O stand da Maior das Antilhas está em constante movimento, seja para saborear o típico Mojito, seja para expressar um carinho que atravessa o oceano: “Cuba é muito conhecida aqui, muito mesmo. Aqui não se pode dar um passo sem que surja uma manifestação de solidariedade, de amizade, de apoio à defesa da nossa soberania, porque, precisamente, Cuba ocupa esse lugar pelo que representa para as pessoas em todo o mundo, agora mais do que nunca. Até mesmo a guerra que o inimigo nos trava fez com que esses sentimentos de solidariedade e de respeito pelo país se intensificassem. E, acima de tudo, diria eu, o exemplo que Cuba transmite de resistência permanente e de luta em defesa da justiça social para o nosso povo”.
Cuba não é apenas bem-vinda, é necessária
É o que afirma o vice-presidente da Associação de Amizade Cuba-Portugal, João Luís Gonçalves Frias Terreiro:
“É certo que sentimos muita falta de que Cuba esteja sempre presente no espaço internacional da Festa do Avante; na verdade, tem estado presente em quase todas. Cuba é o nosso foco, é a nossa estrela no mundo. Por isso, é muito importante vermos os cubanos aqui, a trabalhar connosco, e queremos também transmitir-lhes sempre uma mensagem muito forte de que não estão sozinhos no mundo, de que há muita gente, muitos milhões de pessoas que estão com Cuba e com a sua Revolução.”
·Esse é o nosso objectivo: denunciar o bloqueio que existe há mais de 60 anos e dizer a Cuba que não está sozinha. Não é um trabalho, é puro activismo. E há aqui um ditado em Portugal que diz: “quando se corre por prazer, não se fica cansado”, e o activismo em prol de Cuba é o nosso sentimento e a nossa vontade.
A música como um talismán…
Desde que começaram a soar os acordes do “Talismán de Cuba”, a distância geográfica e as diferentes línguas deixaram de ter importância; aquilo a que García Márquez chamara “o disparate bíblico da Torre de Babel” tornou-se realidade no Palco 1 de Maio da Festa do Avante: uma única linguagem, a da música, uniu, comoveu e fez dançar toda a gente ao compasso dos ritmos que chegavam como testemunho de uma pequena ilha, que sofre os ataques constantes do vizinho opressor, mas nunca perde a grandeza da sua essência, a capacidade ameaçadora de cantar e ser feliz no meio de qualquer tempestade.

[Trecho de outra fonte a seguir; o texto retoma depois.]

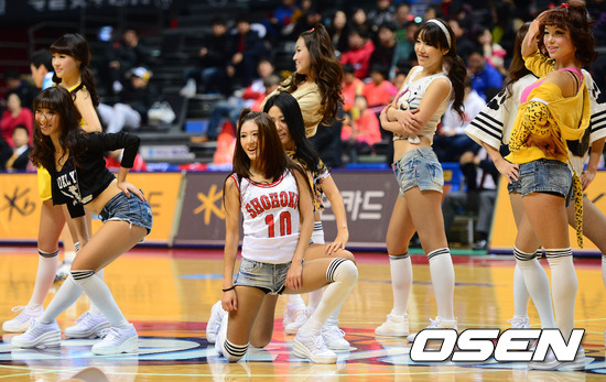 6일 오후 경기 고양체육관에서 열린 'KB 국민카드 2012-2013 프로농구' 고양 오리온스와 울산 모비스의 경기, 경기에 앞서 오리온스 치어리더가 화려한 공연을 펼치고 있다.
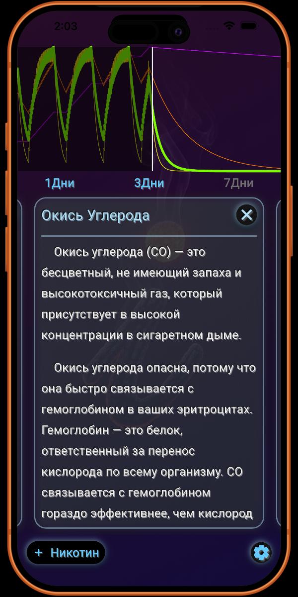 Наблюдение за нормализацией вашего уровня CO является одной из самых мгновенных и мотивирующих наград, которые предоставляет приложение, подтверждая, что вы успешно устранили серьезную угрозу для вашего сердечно-сосудистого здоровья и что ваша кровь снова способна эффективно переносить кислород.
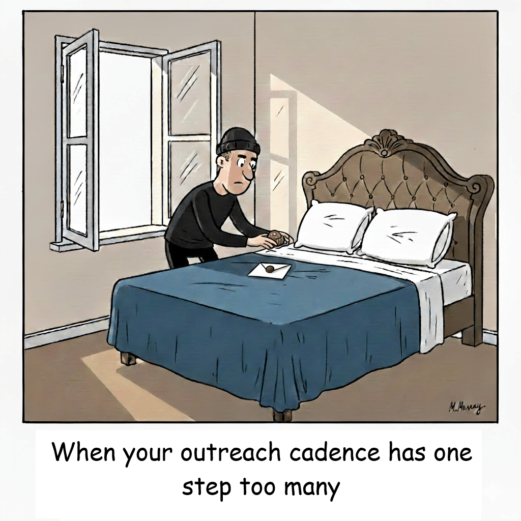 Outreach cadences can range from from professionally enthusiastic to straight up harassment. Twenty-one ‘touches’ in 14 work days might earn you a court issued restraining order.
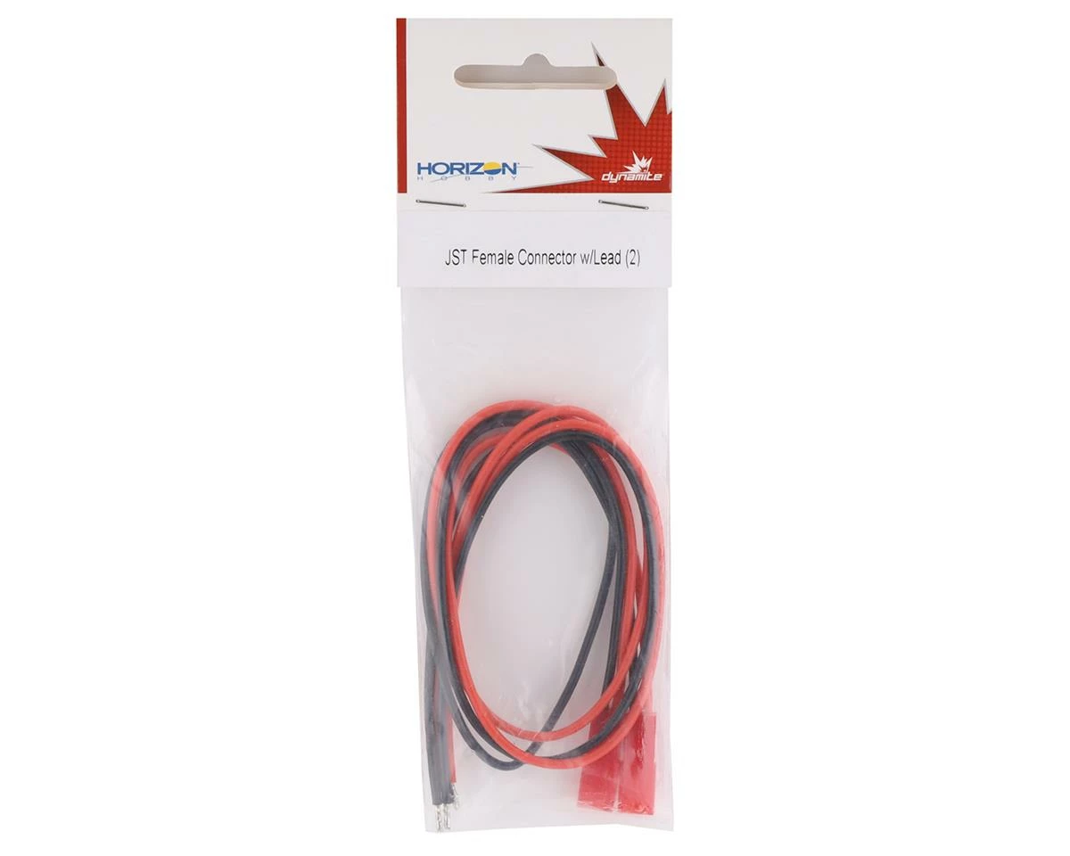 Dynamite JST Female Connectors. These pigtails feature 20AWG 300mm wire attached to a female JST connector. Package includes two JST pigtails.

Não era apenas boa música; as pessoas sentiram a energia de todo um povo traduzida em melodia, harmonia e ritmo. O que importa se a maioria dos milhares de espectadores não conseguia compreender as letras em espanhol? Dançaram e, tal como escreveu o colega português, quase cubano, Paulo Jorge Da Silva nas suas redes sociais:
“O concerto terminou, a multidão dispersou-se, mas a música ficou. Ficou no corpo, na memória, na certeza de que Cuba não se apaga — nem mesmo à distância. Ficou a prova de que a cultura é a maior trincheira da Revolução e de que viaja connosco, estejamos onde estivermos.”
Ficou a convicção de que os presentes na Festa do Avante gritaram em voz alta: Cuba vencerá.